PROBLEM STATEMENT: Below are records with pictures in them. Transcribe everything from the line containing "Nuestro kit básico" down to the line containing "Share your referrals", exactly, and leave the pictures behind.

RAW DATA:
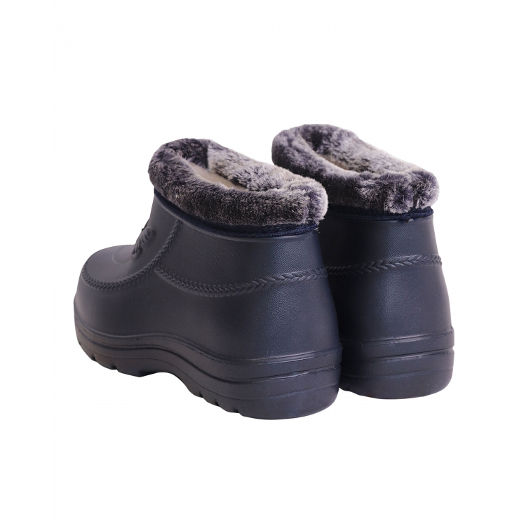 Внутренняя поверхность ботинок утеплена износостойким искусственным мехом. Ботинки выполнены в едином практичном темно-синем цвете, материал подкладки светло-серый. Подошва имеет анатомическую форму, а благодаря используемому материалу обладает повышенной мягкостью и амортизацией. Ботинки не доставляют дискомфорта в процессе носки, снижают нагрузку на суставы и позвоночник. Позволяют защитить ноги от сырости, снега, грязи.
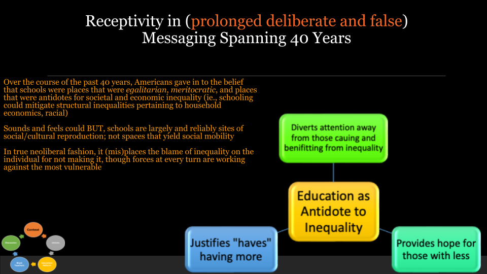 It seems to make sense. If a student gets good grades and a good education - whatever that really means, they would get a good job with good pay; if they get crappy grades and a crappy education, then they should expect a crappy job with crappy pay and it is the student - the sole individual - who supposedly controls that future. Here, the individual alone, regardless of circumstance, is responsible for their own fate - and the public should not feel a sense of responsibility to others. What’s missing in all this is that schools have long been identified as spaces that reinforce social, and cultural inequality under the mirage of meritocracy…all WHILE the economy surrounding and influencing schooling, is progressively becoming more hostile to workers and potential workers. But in schools however, politicians and the affluent can keep blaming schools for the growing disparities within our society that they themselves orchestrated. It’s an effective conceptual misdirection. Schools are, and have long been, blamed for the result of decades of neoliberal policies and corporate greed that’s been crushing people. Contemporary schooling does not, and can not, make up for the realities of living in a capitalist economy.
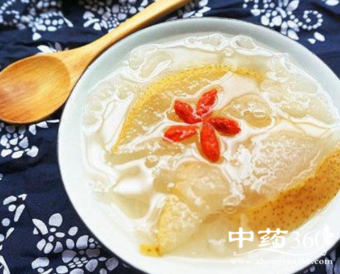 3、罗汉果雪梨汤——罗汉果雪梨汤,可以润肺止咳,美容养颜,多喝对身体是极有好处的,梨是“百果之宗”,因其鲜嫩多汁、酸甜适口,所以又有“天然矿泉水”之称。梨富含B族维生素,能保护心脏、减轻疲劳、祛痰止咳、养护咽喉。
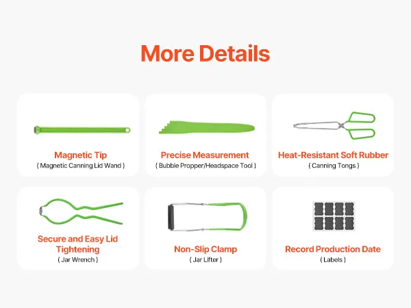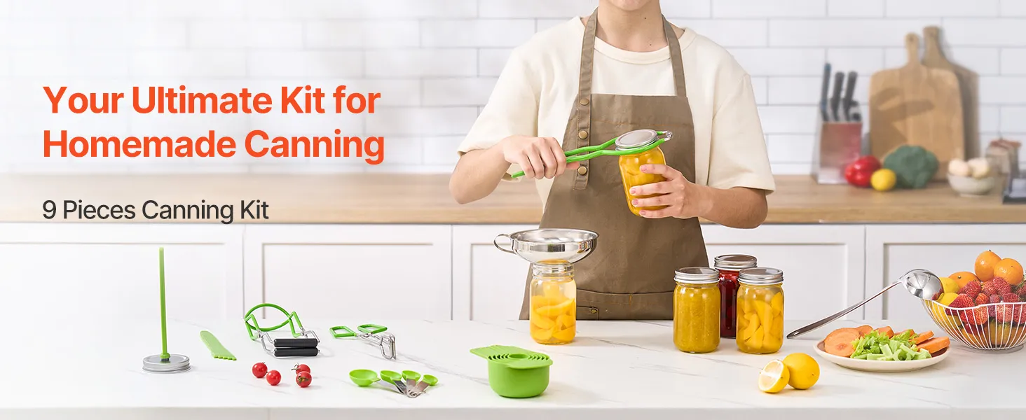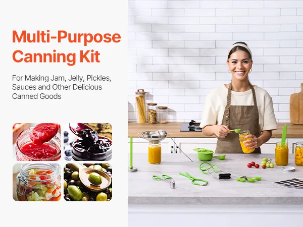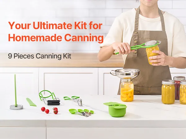 Nuestro kit básico de suministros para conservas incluye herramientas esenciales completas, como una llave para frascos, un elevador de frascos y otros artículos prácticos, para satisfacer todas sus necesidades de conservas caseras.
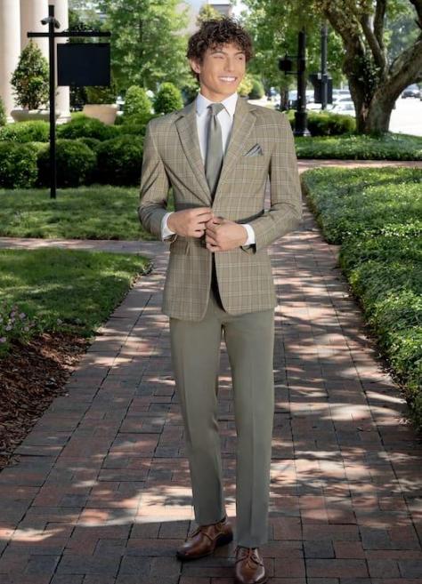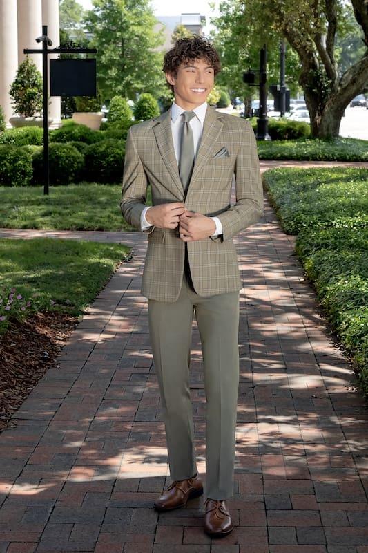 Sage Plaid Stretch Suit 4-Way Stretch Fabric 2 button Slim Fit Package Includes Coat Pant Shirt Vest Tie * Sales tax and damage waiver are not included
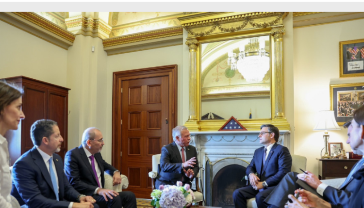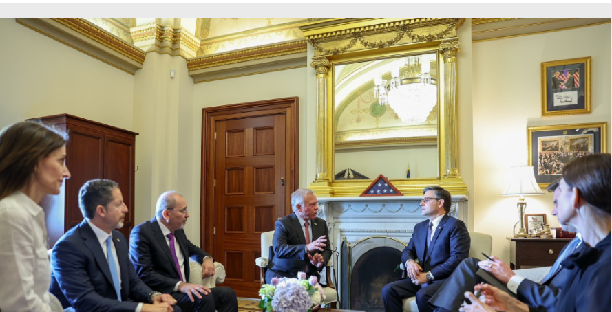 شبكة الشرق الأوسط نيوز : عقد جلالة الملك عبدالله الثاني في واشنطن، امس الثلاثاء، لقاءات منفصلة مع رئيس مجلس النواب الأميركي مايك جونسون، وعدد من لجان مجلسي الشيوخ والنواب، ورئيسة مجلس النواب السابقة نانسي بيلوسي.
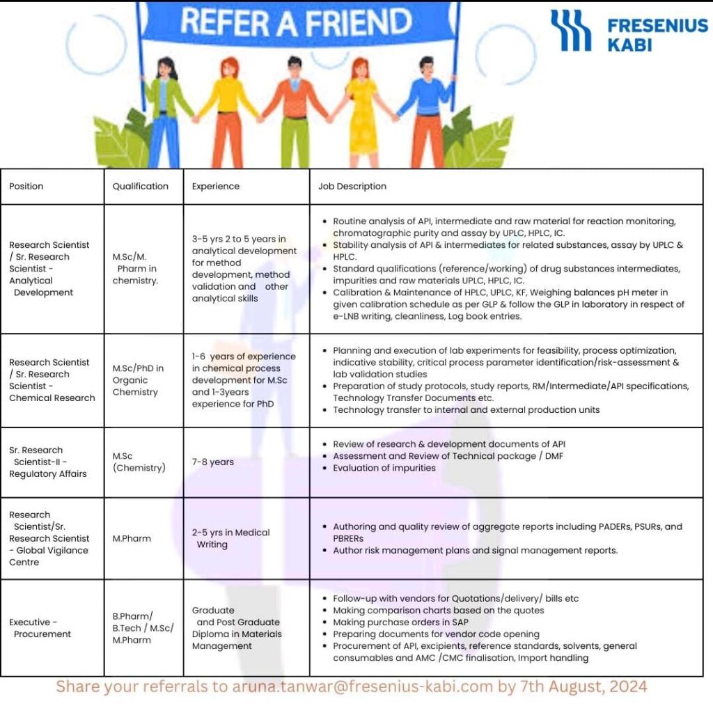 Share your referrals to aruna.tanwar@fresenius-kabi.com by 7th August, 2024
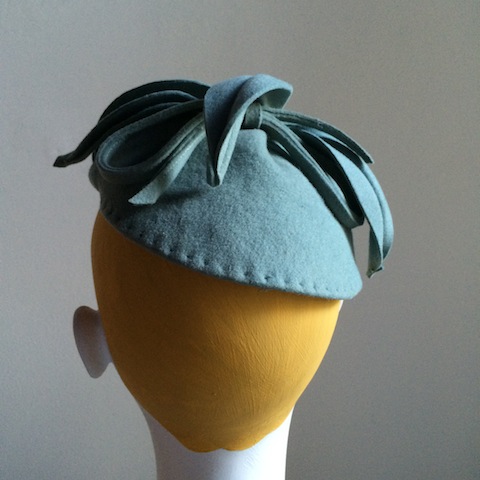 WW2 aqua blue felt skullcap with felt leaves and bow.
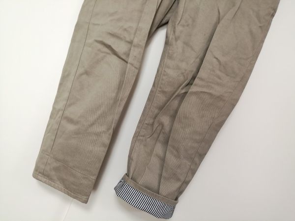 裾を折り返すとストライプ柄の見えるデザインのコットンツイルパンツです。
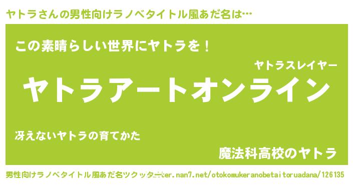 | 意味不明あだ名 | 『ペロリンヤトラ』『自称ヤトラ』 |

THE COMPLETED TASK:
 Nuestro kit básico de suministros para conservas incluye herramientas esenciales completas, como una llave para frascos, un elevador de frascos y otros artículos prácticos, para satisfacer todas sus necesidades de conservas caseras.
 Sage Plaid Stretch Suit 4-Way Stretch Fabric 2 button Slim Fit Package Includes Coat Pant Shirt Vest Tie * Sales tax and damage waiver are not included
 شبكة الشرق الأوسط نيوز : عقد جلالة الملك عبدالله الثاني في واشنطن، امس الثلاثاء، لقاءات منفصلة مع رئيس مجلس النواب الأميركي مايك جونسون، وعدد من لجان مجلسي الشيوخ والنواب، ورئيسة مجلس النواب السابقة نانسي بيلوسي.
 Share your referrals to aruna.tanwar@fresenius-kabi.com by 7th August, 2024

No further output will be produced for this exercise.